The boundary layer flow of an incompressible viscoelastic Jeffrey’s nanofluid from a vertical permeable flat plate is investigated. We consider the effects of heat generation, thermal radiation, and chemical reaction on the fluid flow. The nonlinear transformed coupled differential equations that describe the transport processes are solved numerically using a multidomain bivariate spectral quasilinearization method (MD-BSQLM). This innovative method involves blending the quasilinearization idea with the bivariate Lagrange interpolation. The solutions of the resulting system of equations are then obtained sequentially on multiple intervals using the Chebyshev spectral collocation method. The method is shown to give accurate solutions for boundary layer-type equations.
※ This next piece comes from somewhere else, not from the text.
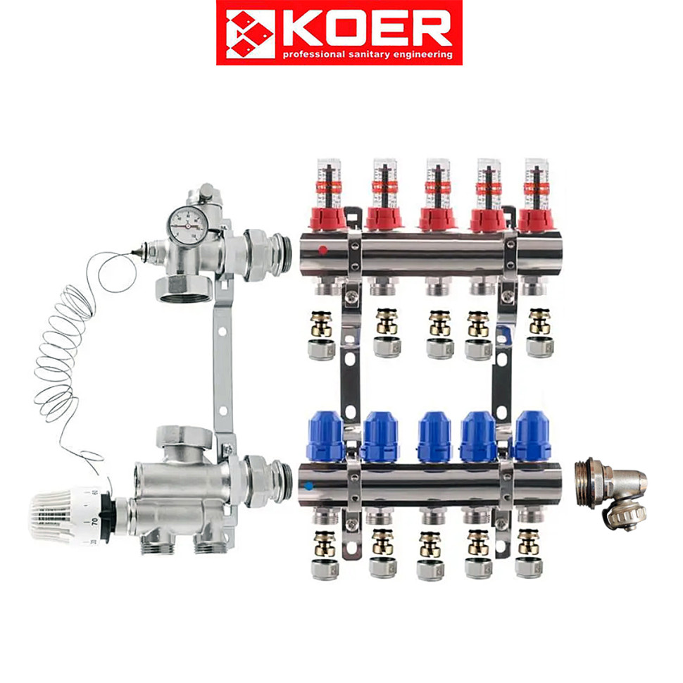 Все продукция торговой марки "KOER" производится на новейшем оборудовании Чешского завода "Dieffenbacher-cz". Приобретая товар торговой марки "КОЕР" Чехия, вы получите высокое качество по приемлемой цене. Коллекторы для теплого пола – основной механизм распределения и контроля параметров теплоносителя в системе. От того, насколько качественно и точно работает коллектор, а также,
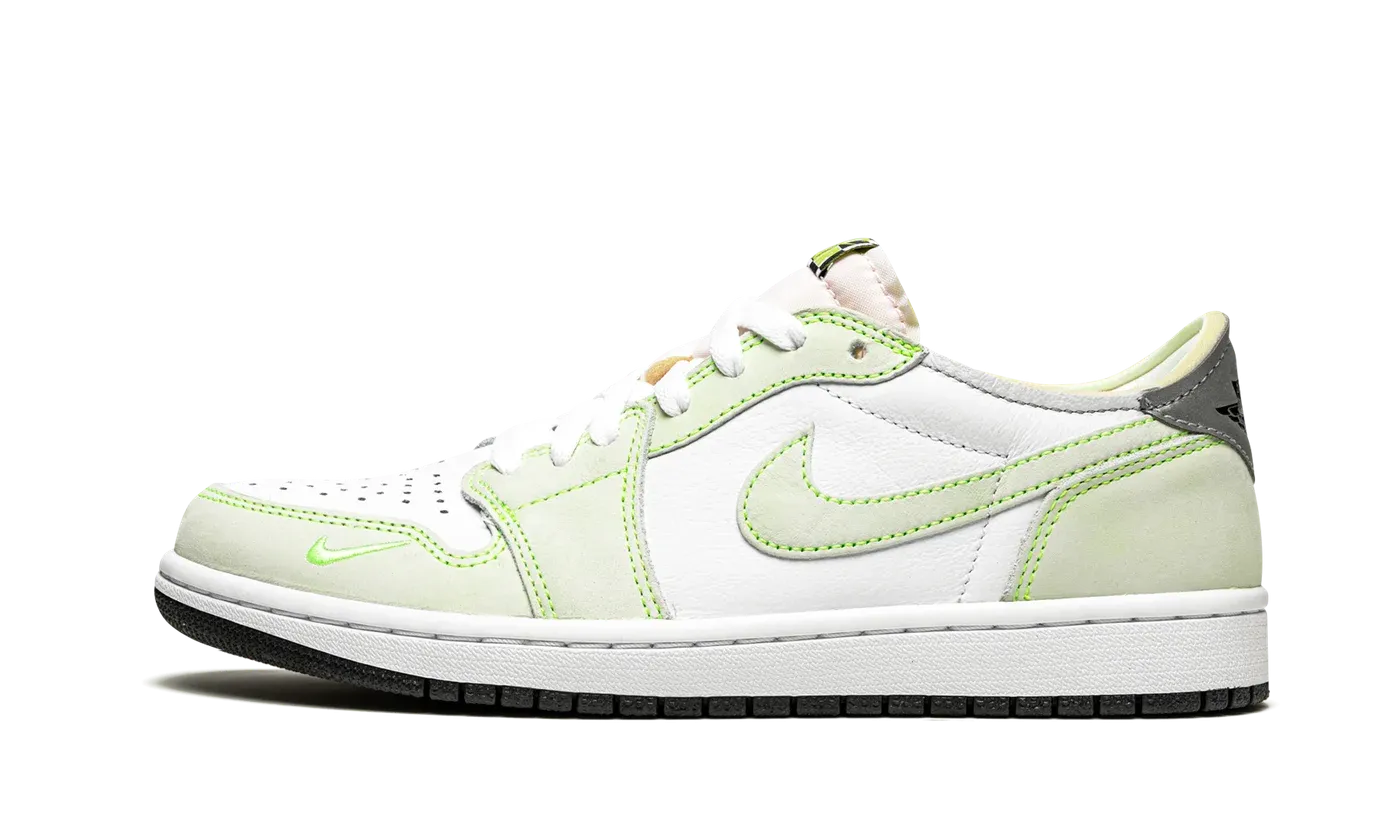 The Air Jordan 1 Low OG "Ghost Green" is a modified version of Michael Jordan's first signature shoe that introduces new design details to the model. In low-top form, the "Ghost Green" Jordan 1 features a predominantly two-tone white and pale green color block. The forefoot, eyelets, collar, heel, and Swoosh display a Ghost Green leather construction. The perforated toe and mid-panel are constructed in white leather. A small embroidered Swoosh appears on the forefoot, a design that was not on the original Air Jordan 1 Low from 1985. Elsewhere, a "Wings" logo appears on the grey leather heel tab. Exposed foam padding can be found around the collar. No doubt retro-inspired, a black-and-green checkerboard pattern with a Ghost Green "Nike" logo appears on the nylon tongue tag on the cream-colored tongue. The design is similar to the look of the tongue tags of vintage Nike tennis shoes from the 1980s. A two-tone white midsole and black outsole finish off the look. Release date: May 21, 2021.

The influence of various physical parameters on velocity, temperature, and nanoparticle concentration fields, as well as on the skin friction and heat and mass transfer coefficients, is shown and discussed in detail. The range of the values of the governing parameters considered in this study is between $\left[0,4\right]$ . For qualitative validation of the results and the numerical method used, calculations were carried out to graphically obtain the velocity, temperature, and nanoparticle concentration fields for selected physical parameter values. The results obtained were found to correlate with the results from published literature. For quantitative verification of our findings, the MD-BSQLM numerical solutions were again confirmed against published results reported in the literature, and the results were observed to be in perfect agreement. This study’s findings indicate that the Deborah number and suction parameter have related effects on the velocity profile, which is to suppress both the flow velocity and the momentum boundary layer thickness. Increasing the heat generation and thermal radiation parameters enhances both the temperature and thermal boundary layer depths. In contrast, an increase in the chemical reaction parameter causes a decrease in the fluid concentration.